Consort Medical plc had a successful year ended 30 April 2011, delivering strong revenue and profit growth

After a challenging three years of repositioning the Group, we believe we now have a strong platform to drive sustained revenue and earnings growth. The three year restructuring charges relating to this repositioning are also largely complete and we do not anticipate a net charge for restructuring in the coming year. The Group operates in defensive markets with resilient end customer demand and it further benefits from a strong balance sheet and cash flows. Moreover, we are now expecting to see the benefits of our focus on investment in research and development through the economic downturn with a range of product launches due over the next three to four years. Our strategy of diversification reduces the risk of being exposed to any single market and in the past two years we have positioned ourselves to benefit from higher growth markets such as biologic drug delivery by autoinjector and Point-of-Care diagnostics. We have been pleased in the past year also to take advantage of low interest rate swap rates and to fix substantially the whole of the Group’s borrowings until the end of 2013 at a rate of between 1.48% and 1.78% plus bank margin.

Income statement

Revenue from products and services in 2010/11 rose by 7% to £126.8m (2010: £118.6m), with both divisions generating growth. Bespak revenues rose by 8% to £83.8m, driven in particular by strong valve sales. Revenue in King Systems grew by 6% to £43.4m (3% at constant exchange rate (CER)).

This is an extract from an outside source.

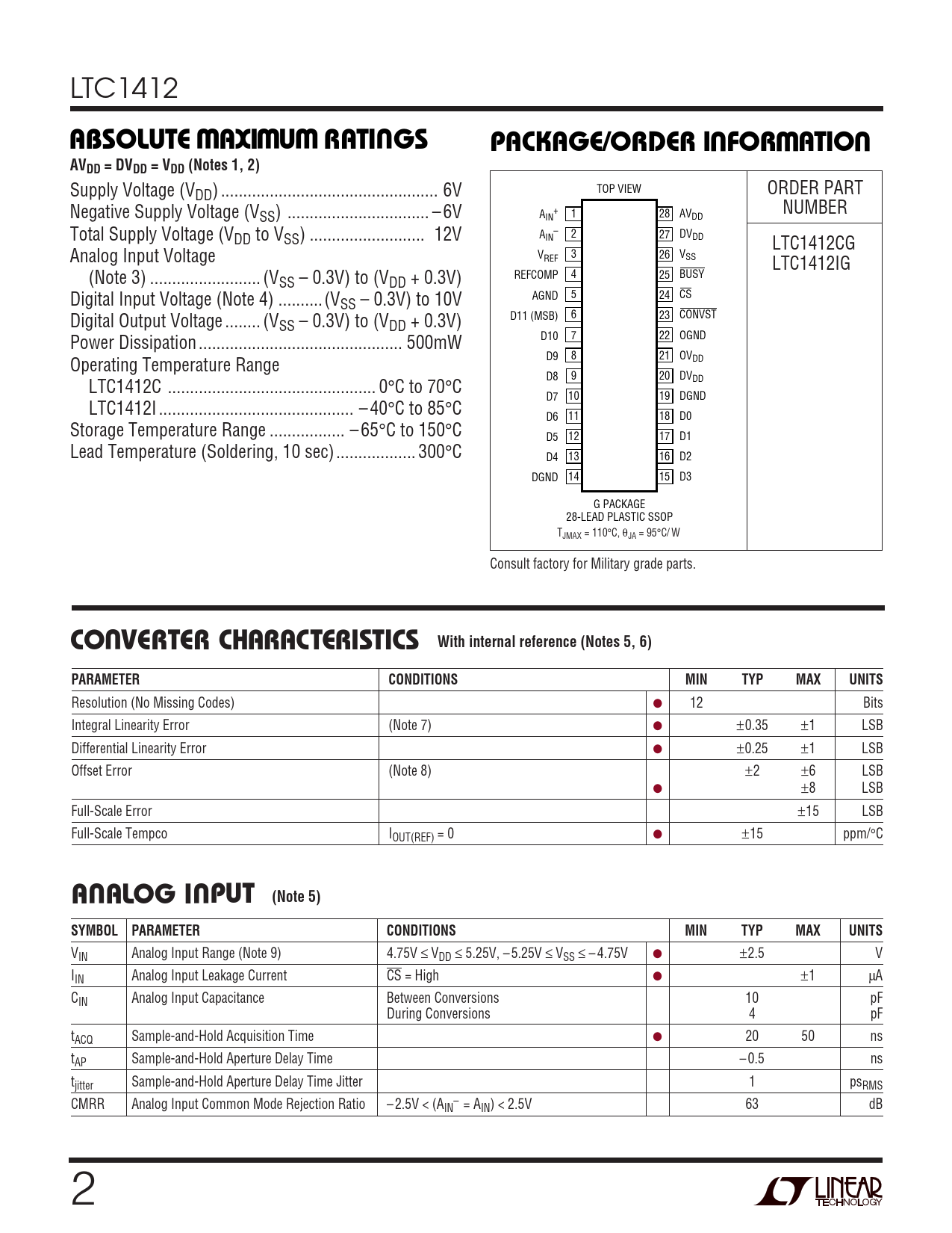 ABSOLUTE MAXIMUM RATINGS PACKAGE/ORDER INFORMATION AVDD = DVDD = VDD (Notes 1, 2) CO VERTER

Operating profit (before special items) rose 10% to £20.5m. Bespak contributed an operating profit before special items of £15.6m, up 11% on prior year. The operating margin of 18.7% was up (2010: 18.1%) for a third year in a row (2009 operating margin: 16.6%). King Systems contributed an operating profit before special items of £4.8m, with an operating margin of 11.1% (2010: 11.1%).

Profit before tax and special items rose by 3% to £17.4m (2010: £16.9m). Finance charges increased as forecast due to the higher margins payable on the Group’s borrowing facilities that were refinanced at the higher margins prevailing in the market as at April 2010. Profit before tax of £12.7m was 21% up on the prior period (2010: £10.5m).

Profit after tax and special items increased by 29% to £10.4m. Basic earnings per share therefore increased by 29% to 36.0p while adjusted basic earnings per share increased by 7% to 45.5p.


The taxation charge for the year was £2.3m. The underlying tax charge of £4.3m reflects a rate of 24.5% (2010: 27.2%), a little lower than anticipated due to a higher balance of UK rather than US earnings and falling UK corporation tax rates. We continue to anticipate an increase in underlying tax rate as we have used up losses that were sheltering our US taxable income.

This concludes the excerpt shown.